First, we optimized the recombination system using recombinase RecET. The phage recombinant protein recombination system is a technique that promotes homologous recombination of linear DNA or oligonucleotides. The gene editing system of C. glutamicum can also improve the efficiency of gene editing with the help of recombinase. In the gene editing system of C. glutamicum, RecET protein has been mostly studied for its efficient recombination role [13]. Additionally, the recombination system is influenced by various other factors, such as the recombinant DNA amounts for electrotransformation, the length of the designed homologous arm, and the electrotransformation recovery time [2]. Since the endogenous recombination pathways in C. glutamicum are inefficient, it is hard to accomplish gene deletion without the introduction of recombinases in the C. glutamicum genome. Some studies have shown that the presence of RecET in competent cells dramatically increased transformant survival and improved gene editing efficiency [31]. Hence, we constructed plasmid pEC-XK99E-recET expressing recombinase and induced expression of recET with the Ptrc promoter and transformed this plasmid into the strains to be modified. The strains were further prepared into competent cells, and C. glutamicum capable of expressing the recombinant enzyme was obtained in order to improve the efficiency of its gene editing (Figure 3A). Then, we prepared the competent cells of the model strain (QC-1) containing pEC-XK99E-recET (the inducer was isopropylthio-β-D-galactoside (IPTG), 1 mM). In verifying the recombinogenic effect of RecET, donor DNA was electrotransformed into competent cells of the model strain (QC-1) containing RecET, and the number of transformants in the presence or absence of recombinase was counted and compared (Figure 5A).

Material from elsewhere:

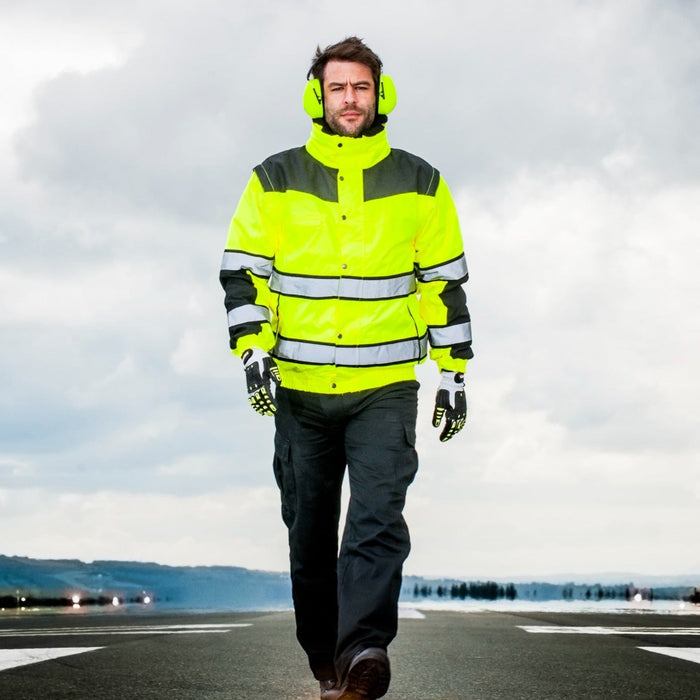 PORTWEST® Hi Vis Waterproof Winter Bomber Jacket With Detachable Sleeves - ANSI Class 3 - UC466

Second, we optimized the homologous arm length [1]. The length of the homology arm of the repair template affects the efficiency of homologous recombination to a certain degree [1,35]. In this study, homologous arms of different sizes (100, 300, 500, 700, and 900 bp) were selected for overlapping PCR in the construction of linear DNA repair templates. First, competent cells of the model strain (QC-1) containing the recombinant enzyme RecET were prepared, and 1 μg of linear DNA fragment and 500 ng of plasmid (pCpf1-crRNAxylA) for DSBs were simultaneously electrotransformed into competent cells of the model strain (QC-1) containing RecET (pEC-XK99E-recET) according to the gene editing procedure (Figure 2B). The number of transformants on medium plates containing kanamycin showed an increasing trend upon increasing the length of the homologous arm of the repair template. A sufficient number of transformants could be sufficient for further screening of the target strains. Therefore, the optimal homology arm length of 500 bp was determined based on the experimental results (Figure 5B).

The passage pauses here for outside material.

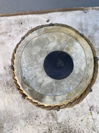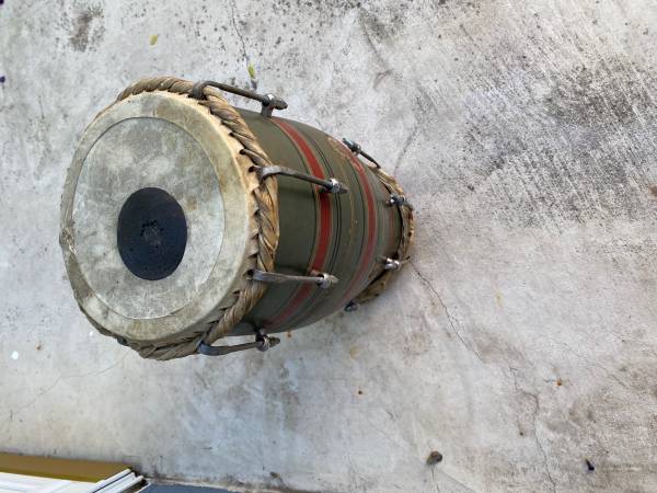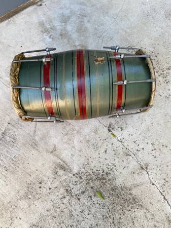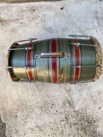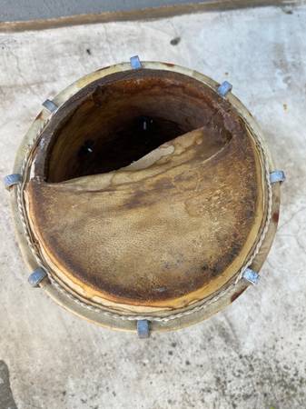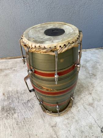 Vintage percussion drum It’s believed to be a Mridangam Selling as is as shown. Unique double sided. One side needs new skin. 17” tall Top is 8” wide Bottom is 6 1/2” wide

Then, the amount of linear DNA addition was optimized. We selected the optimal homology arm length of 500 bp to construct the linear DNA. Transformation was performed as above, and the plasmid (pCpf1-crRNAxylA) for DSBs was transformed into RecET-containing competent cells of the model strain (QC-1) together with different recombinant DNA amounts (0.1, 0.5, 1.0, 1.5, and 2.0 μg). The number of transformants on kanamycin medium plates was counted in five groups to verify the effect of the amount of repair template addition on recombination system. The experimental results are shown in Figure 5. The number of transformants on kanamycin plates increased with the recombinant DNA amounts. The optimal amount of linear DNA addition was ultimately determined to be 1.0 μg (Figure 5C).

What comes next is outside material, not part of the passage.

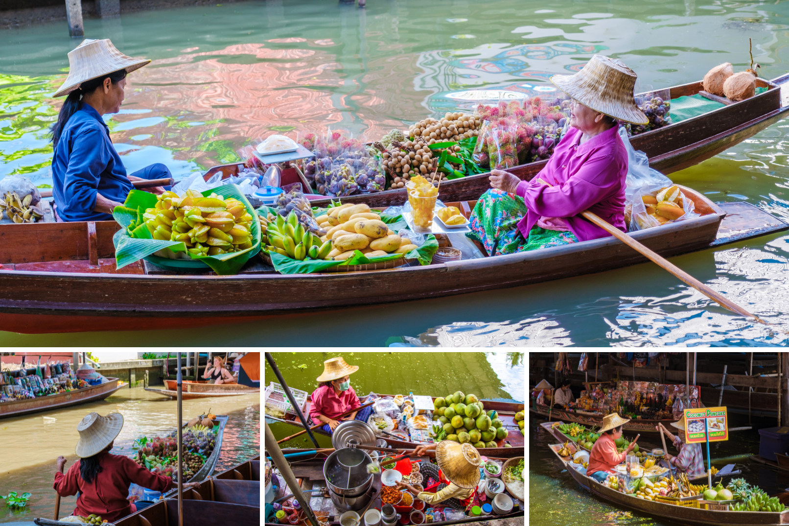 装饰着泰国美食的传统木船优雅地航行在熙熙攘攘的丹能沙多水上市场

Finally, we optimized the recovery time of electrotransformation. After electrotransformation, the recovery time of the strain in a liquid medium affects the recombination system between the linear DNA and the target site. According to the results of the above study, linear DNA (1 μg recombinant DNA amounts, 500 bp homologous arm) and a plasmid (pCpf1-crRNAxylA) for DSBs were transformed simultaneously into RecET-containing competent cells of the model strain (QC-1). The number of transformants on kanamycin plates at different recovery times was counted. The experimental results are shown in Figure 5. The number of transformants with kanamycin resistance on the plates increased with the increase in the resuscitation time. The choice of 4 h was sufficient for the actual bacteriophage recovery (Figure 5D).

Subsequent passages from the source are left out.